_ACTION ITEM:_
Transcribe, word for word and without additions, each line below from the one containing "작성자동구라미라미 작성시간 24.07.02" through the one containing "L'appartement se compose", both ends included.
═══ EXERCISE INPUT ═══
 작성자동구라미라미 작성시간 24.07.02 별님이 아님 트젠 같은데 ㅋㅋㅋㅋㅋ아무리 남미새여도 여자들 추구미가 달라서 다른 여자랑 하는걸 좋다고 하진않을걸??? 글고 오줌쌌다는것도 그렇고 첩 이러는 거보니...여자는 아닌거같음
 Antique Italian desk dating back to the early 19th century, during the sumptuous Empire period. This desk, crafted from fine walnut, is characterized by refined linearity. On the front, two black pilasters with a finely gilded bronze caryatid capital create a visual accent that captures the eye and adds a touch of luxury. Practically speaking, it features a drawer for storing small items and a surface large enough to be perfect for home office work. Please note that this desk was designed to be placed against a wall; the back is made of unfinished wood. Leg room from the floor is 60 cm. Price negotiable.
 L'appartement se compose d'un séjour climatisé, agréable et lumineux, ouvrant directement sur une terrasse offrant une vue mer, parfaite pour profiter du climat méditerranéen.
═══
═══ EXERCISE INPUT ═══
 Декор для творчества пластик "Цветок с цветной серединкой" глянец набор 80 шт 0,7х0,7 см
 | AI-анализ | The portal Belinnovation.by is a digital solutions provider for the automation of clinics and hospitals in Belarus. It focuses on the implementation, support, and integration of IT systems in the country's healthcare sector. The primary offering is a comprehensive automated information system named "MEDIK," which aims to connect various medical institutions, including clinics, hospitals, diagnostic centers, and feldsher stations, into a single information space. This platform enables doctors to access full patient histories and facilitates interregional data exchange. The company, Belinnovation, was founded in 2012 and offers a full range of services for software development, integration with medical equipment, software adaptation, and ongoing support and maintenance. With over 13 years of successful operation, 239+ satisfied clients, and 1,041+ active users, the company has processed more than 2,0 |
═══
_OUTPUT FOR THIS TASK:_
 작성자동구라미라미 작성시간 24.07.02 별님이 아님 트젠 같은데 ㅋㅋㅋㅋㅋ아무리 남미새여도 여자들 추구미가 달라서 다른 여자랑 하는걸 좋다고 하진않을걸??? 글고 오줌쌌다는것도 그렇고 첩 이러는 거보니...여자는 아닌거같음
 Antique Italian desk dating back to the early 19th century, during the sumptuous Empire period. This desk, crafted from fine walnut, is characterized by refined linearity. On the front, two black pilasters with a finely gilded bronze caryatid capital create a visual accent that captures the eye and adds a touch of luxury. Practically speaking, it features a drawer for storing small items and a surface large enough to be perfect for home office work. Please note that this desk was designed to be placed against a wall; the back is made of unfinished wood. Leg room from the floor is 60 cm. Price negotiable.
 L'appartement se compose d'un séjour climatisé, agréable et lumineux, ouvrant directement sur une terrasse offrant une vue mer, parfaite pour profiter du climat méditerranéen.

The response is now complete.